Awas, Pemerintah Jangan Dikelabui Importer Berkedok Pelaku Industri

Rabu, 18 November 2020 - 14:43 WIB
loading...
Awas, Pemerintah Jangan...
Pemerintah harus berpihak pada produk yang dihasilkan industri dalam negeri.
A A A
JAKARTA – Pemerintah harus berpihak pada produk yang dihasilkan industri dalam negeri. Caranya, yakni dengan memberikan akses pasar khusus, sehingga bisa memenangi lelang yang diadakan di lembaga-lembaga pemerintah.

Wakil Presiden Direktur PT. Panasonic Gobel Eco Solutions Manufacturing Indonesia Heru Santoso menegaskan, hanya keputusan politik itu yang kini sangat diharapkan oleh para pelaku industri nasional.
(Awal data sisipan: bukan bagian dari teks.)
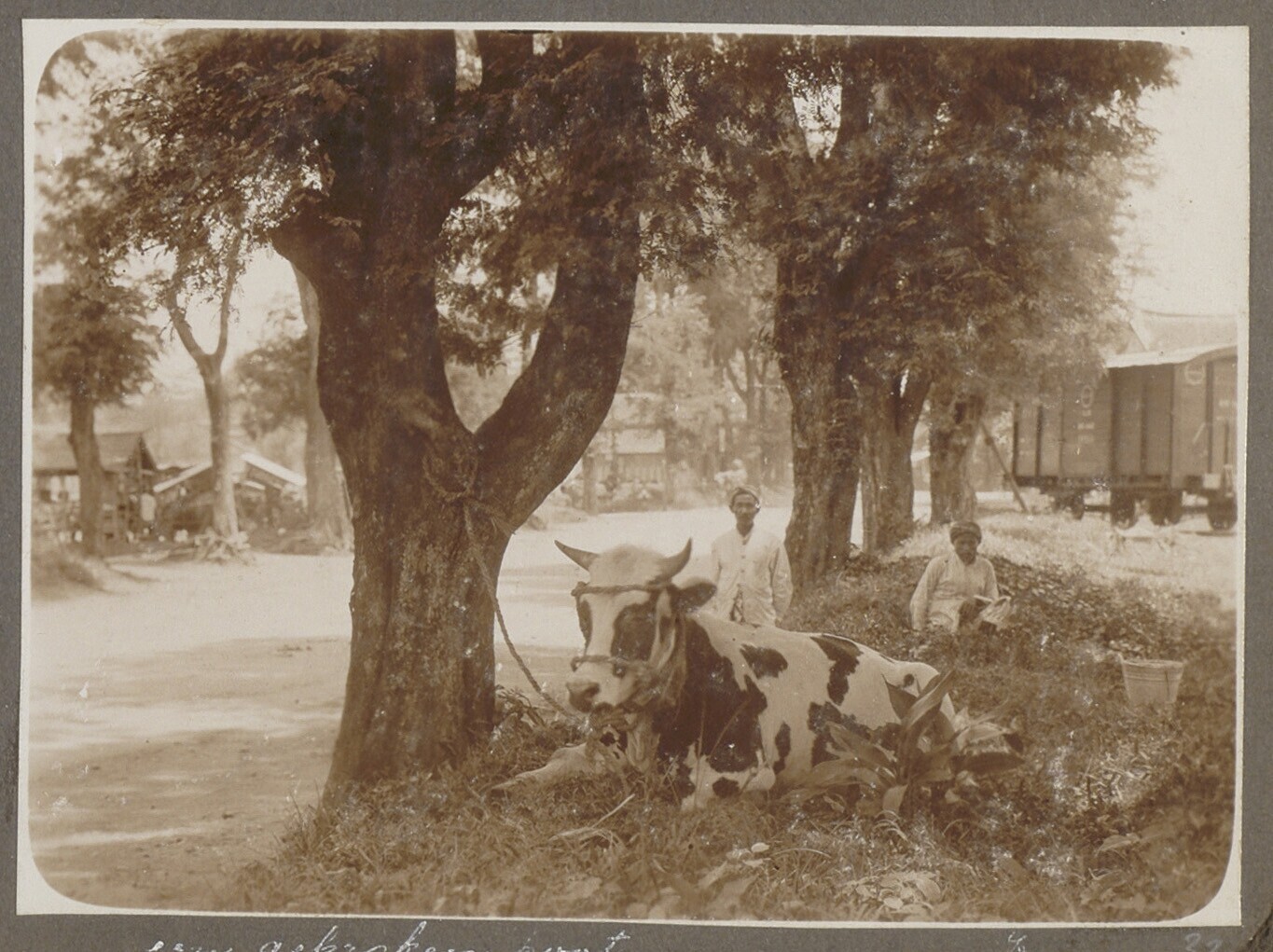Twee Javanen bij de met bananenbladeren toegedekte s...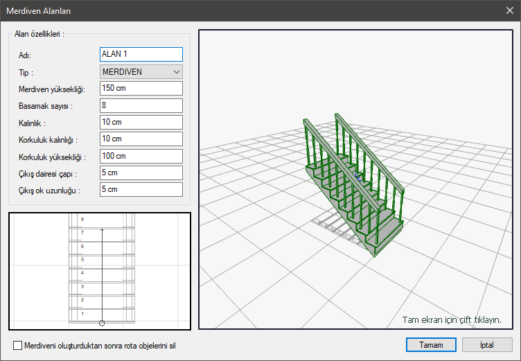 Bu alan merdivenin kolu olacağı için “Tip”, merdiven olarak seçili kalacaktır.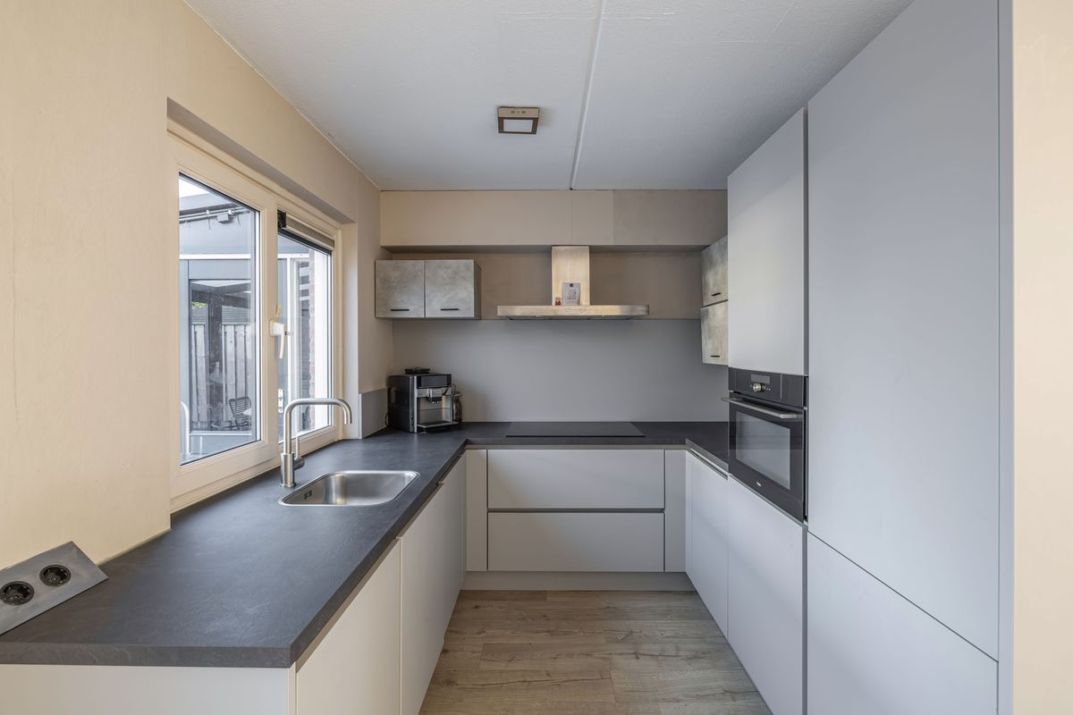 Vanuit de hal stap je de woonkamer in: ruim, open en dankzij de zijramen extra licht. Aan de voorzijde kijk je uit over de straat, terwijl aan de achterzijde de eetkamer de verbindende schakel vormt tussen wonen en koken. De keuken (2021) sluit daar naadloos op aan: modern, compleet en met uitzicht op de tuin. De opstelling biedt volop werkruimte en inbouwapparatuur, en vormt samen met de eetkamer een plek waar het gezinsleven zich afspeelt, van een snelle boterham in de ochtend tot uitgebreid tafelen, of huiswerk aan de eettafel. De dubbele openslaande deuren vergroten de ruimte nog eens extra.

Tanpa kepastian pasar dari pemerintah akan sulit pelaku industri nasional yang memiliki kedalaman industri dan dibangun dengan investasi sedang dan besar bisa bertahan.

(Baca juga:Industri Mebel dan Kerajinan Megap-megap, Pemerintah harus Turun Tangan)

Krisis yang terjadi saat ini benar-benar-benar luar biasa berat sebagai ujian dibandingkan dengan dua kali krisis yang dialami oleh republik ini. Krisis ekonomi yang terjadi pada kuartal ketiga ini merupakan ujian terberat tanpa ada kepastian solusi dari pemerintah maupun dunia.

Saat mengalami krisis pada periode 1997/1998 dan guncangan krisis keuangan global 2008-2009, para pelaku bisnis masih memiliki jalan keluar karena ada kepastian dan strategi yang bisa disiapkan. Namun, kali ini kondisinya jauh berbeda dengan dua krisis sebelumnya.

Melihat kondisi kegelapan ekonomi yang tak tahu di mana ujungnya, Heru menyarankan, pemerintah mempelajari kebijakan yang diambil dari krisis sebelumnya. Tidak hanya dalam bentuk stimulus yang selama ini sudah dilakukan dan belum terasa efektifitasnya, pemerintah juga sebaiknya berkoordinasi dengan Otoritas Jasa Keuangan (OJK) dan Lembaga Penjamin Simpanan (LPS).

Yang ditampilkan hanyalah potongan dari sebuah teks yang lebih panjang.